Uncovering What, Why and How: A Comprehensive Benchmark for Causation Understanding of Video Anomaly
Summary: arXiv:2405.00181v3 Announce Type: replace-cross
Abstract: Video anomaly understanding (VAU) aims to automatically comprehend unusual occurrences in videos, thereby enabling various applications such as traffic surveillance and industrial manufacturing. While existing VAU benchmarks primarily concentrate on anomaly detection and localization, our focus is on more practicality, prompting us to raise the following crucial questions: “what anomaly occurred?”, “why did it happen?”, and “how severe is this abnormal event?”. In pursuit of these answers, we present a comprehensive benchmark for Causation Understanding of Video Anomaly (CUVA).
Introduction to Causation Understanding of Video Anomaly (CUVA)

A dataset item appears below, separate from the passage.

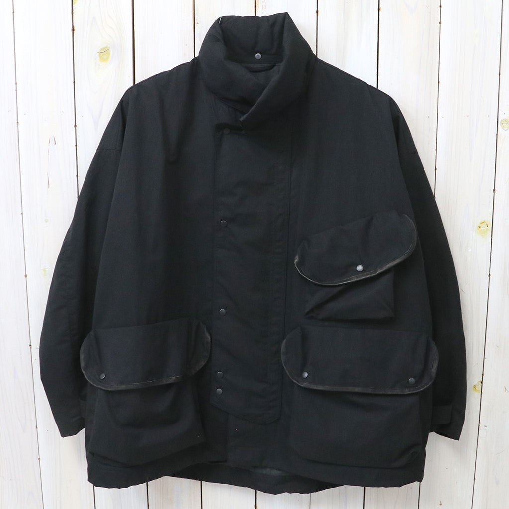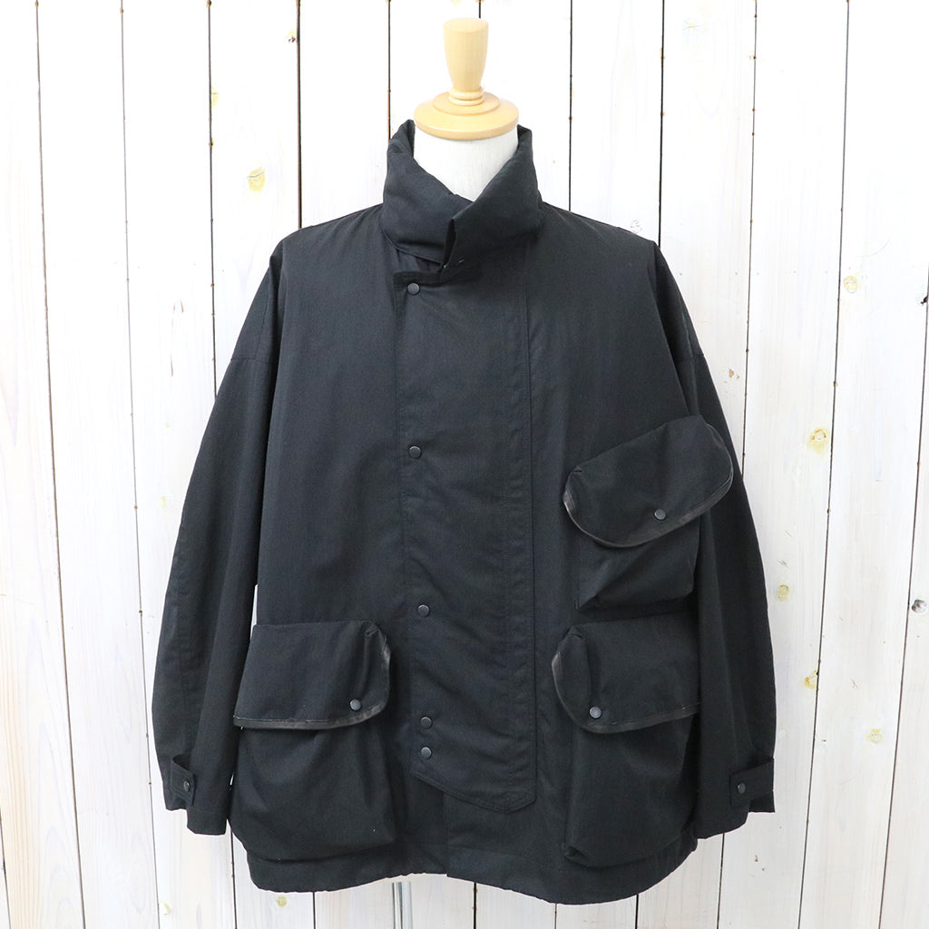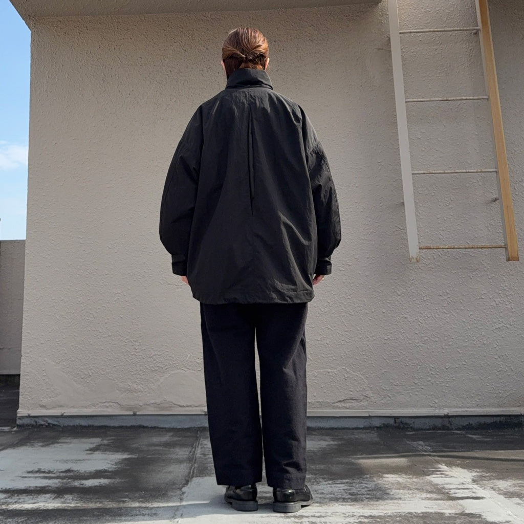 タテ糸にコットン、ヨコ糸にナイロンを使い超高密度に織り上げたコットンナイロンツイル生地を使用したハンタージャケットです。撥水加工も施され、味わい深いドレープがとてもエレガントな作りで、フロントに配置されたマチ付きの大きな3つのフラップポケットと長めのスタンドカラーが特徴的なデザインです。背中中央にプリーツが設けられています。ゆったりとしたフィット感の一着です。

Video anomaly understanding has emerged as a vital area of research aimed at automatically interpreting unusual events within video sequences. This capability is particularly important in fields like traffic surveillance, security monitoring, and quality control in industrial settings. However, conventional benchmarks have typically emphasized the detection and localization of anomalies without delving into the underlying causes and consequences of these events.
Key Questions Addressed by CUVA
Our benchmark seeks to address three fundamental questions that are crucial for a deeper understanding of video anomalies:
- What anomaly occurred? – Identifying the type of anomaly, its start and end times, as well as descriptive event characteristics.
- Why did it happen? – Providing natural language explanations that elucidate the causal factors behind the anomaly.
- How severe is this abnormal event? – Offering qualitative assessments of the impact or consequences stemming from the anomaly.
Benchmark Structure and Annotations
The CUVA benchmark comprises three distinct sets of human annotations for each video anomaly instance:
- Anomaly type, start and end times, along with event descriptions.
- Natural language explanations detailing the cause of the anomaly.
- Free text reflecting the effects or ramifications of the abnormality.
Introduction of MMEval: A Novel Evaluation Metric
To facilitate a more accurate assessment of the understanding of these anomalies, we introduce MMEval, a novel evaluation metric designed to align closely with human preferences for CUVA. This metric allows researchers to measure the effectiveness of existing large language models (LLMs) in grasping the causal relationships and effects associated with video anomalies.
Proposed Methodology and Experiments
In addition to the benchmark and evaluation metric, we propose a prompt-based methodology that serves as a baseline approach for tackling the CUVA challenges. Our extensive experiments demonstrate the superiority of our evaluation metric and prompt-based approach, showcasing their efficacy in enhancing the understanding of video anomalies.
Access to Resources
For researchers and practitioners interested in exploring our work further, the code and dataset associated with CUVA are publicly available at https://github.com/fesvhtr/CUVA.
Conclusion
The Causation Understanding of Video Anomaly (CUVA) benchmark represents a significant advancement in the field of video anomaly understanding. By addressing not only the occurrence of anomalies but also their causes and effects, we pave the way for more sophisticated applications and better interpretability in automated systems.